To calculate the efficiency of the transformer at full load, we need to determine both the output power and the losses. The efficiency \(\eta\) of a transformer is given by:

\[
\eta = \frac{\text{Output Power}}{\text{Output Power} + \text{Total Losses}}
\]

### Step-by-Step Solution

#### 1. **Determine the Full-Load Output Power**

Given:
- Transformer rating: 500 kVA (kilo-volt-amperes)
- High Voltage (HV) side: 33 kV (line-to-line)
- Low Voltage (LV) side: 11 kV (line-to-line)
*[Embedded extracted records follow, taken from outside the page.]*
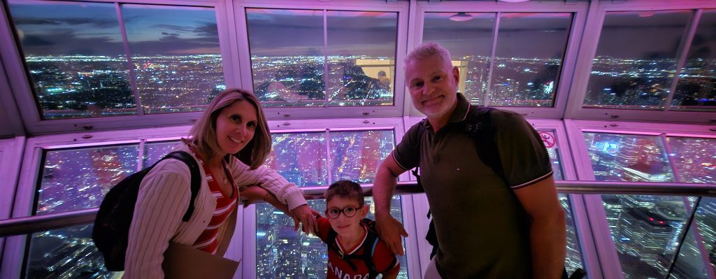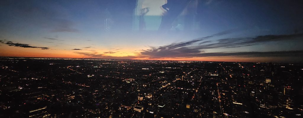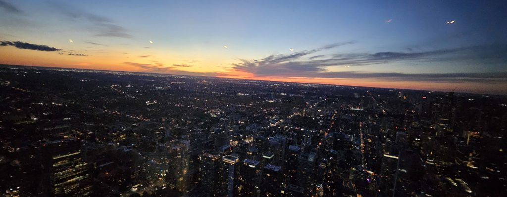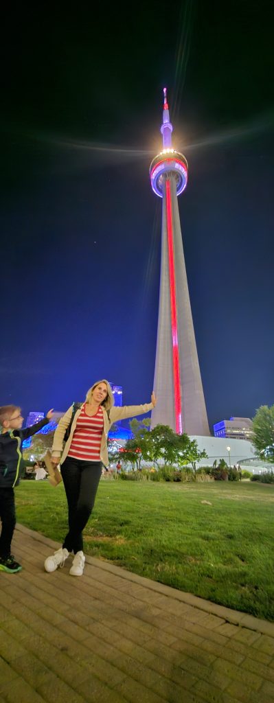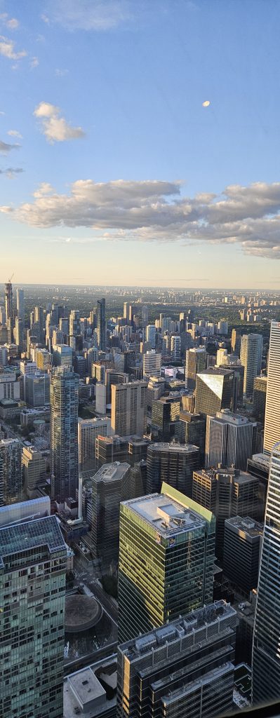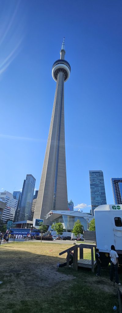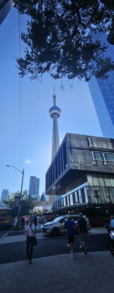 🎟️ Ce soir-là , Toronto bourdonnait plus que d’ordinaire : un match de baseball se jouait au Rogers Centre, et les rues autour de la Tour CN étaient noires de monde. Il fallait parfois jouer des coudes pour avancer, mais cette animation ajoutait une dimension vivante à notre promenade urbaine.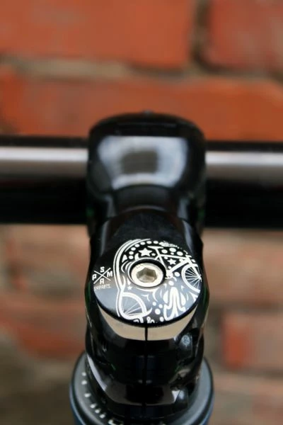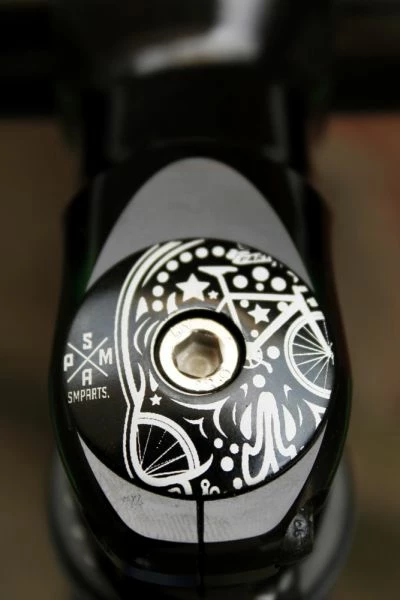 - Die SMParts Skull A-Head Kappe in Schwarz ist ein stilvolles und funktionales Zubehörteil für Gabeln, das jedem Fahrrad einen individuellen Look verleiht.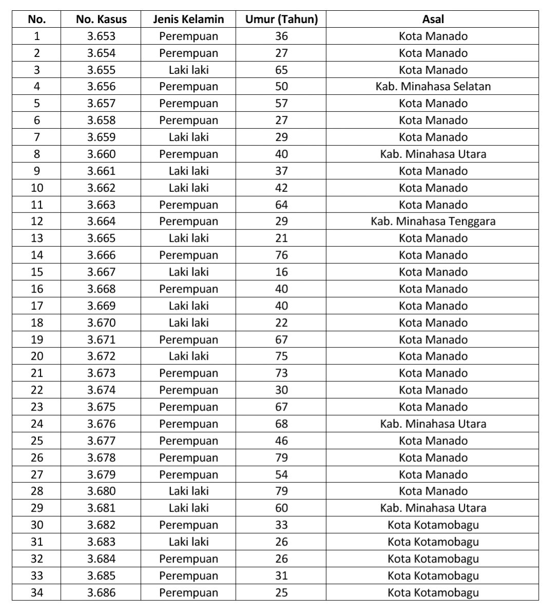 Berikut rincian ke-34 pasien terkonfirmasi positif Covid-19 yang merupakan pasien ke-3.653 sampai dengan pasien ke-3.686 di Sulut: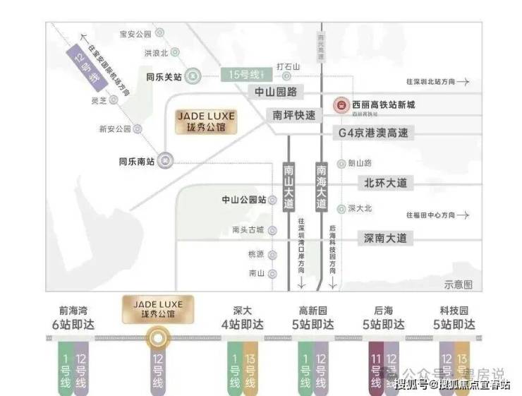 地处南山与宝安交界处,紧邻地铁12号线(在建)同乐南站,步行距离约500米,项目坐拥南山核心区位,毗邻科技园、前海自贸区及留仙洞总部基地,5站可达高新园,辐射粤港澳大湾区核心产业带,具备承接高端人才居住需求的潜力。

At full load, the output power in kW is equal to the transformer’s rated power (500 kVA) assuming a power factor of 1. Hence:

\[
\text{Output Power} = 500 \text{ kVA} \times \text{Power Factor} = 500 \text{ kW}
\]

#### 2. **Calculate the Copper Losses**

Copper losses occur due to the resistance of the windings. The copper losses per phase for both HV and LV windings can be calculated using:

\[
\text{Copper Loss} = I^2 R
\]

To find the current for each side, use:

\[
I = \frac{\text{Rated Power}}{\sqrt{3} \times \text{Rated Voltage}}
\]

- **HV Side Current:**

  \[
  I_{\text{HV}} = \frac{500 \text{ kVA}}{\sqrt{3} \times 33 \text{ kV}} = \frac{500 \times 10^3}{\sqrt{3} \times 33 \times 10^3} \approx 8.75 \text{ A}
  \]

- **LV Side Current:**

  \[
  I_{\text{LV}} = \frac{500 \text{ kVA}}{\sqrt{3} \times 11 \text{ kV}} = \frac{500 \times 10^3}{\sqrt{3} \times 11 \times 10^3} \approx 26.24 \text{ A}
  \]

**Copper Losses Calculation:**

- **High Voltage Side Copper Losses:**

  \[
  \text{Copper Loss}_{\text{HV}} = I_{\text{HV}}^2 \times R_{\text{HV}} = (8.75)^2 \times 35 = 3031.25 \text{ W}
  \]

- **Low Voltage Side Copper Losses:**

  \[
  \text{Copper Loss}_{\text{LV}} = I_{\text{LV}}^2 \times R_{\text{LV}} = (26.24)^2 \times 0.876 = 604.8 \text{ W}
  \]

**Total Copper Losses:**

\[
\text{Total Copper Losses} = \text{Copper Loss}_{\text{HV}} + \text{Copper Loss}_{\text{LV}} = 3031.25 \text{ W} + 604.8 \text{ W} = 3636.05 \text{ W}
\]

#### 3. **Calculate Total Losses**

Total losses include both copper losses and iron losses:

\[
\text{Total Losses} = \text{Copper Losses} + \text{Iron Losses} = 3636.05 \text{ W} + 3050 \text{ W} = 6686.05 \text{ W}
\]

#### 4. **Calculate Efficiency**

\[
\eta = \frac{\text{Output Power}}{\text{Output Power} + \text{Total Losses}} = \frac{500 \times 10^3}{500 \times 10^3 + 6686.05} \approx \frac{500000}{506686.05} \approx 0.986 \text{ or } 98.6\%
\]

### Conclusion

The efficiency of the transformer at full load is approximately **98.6%**.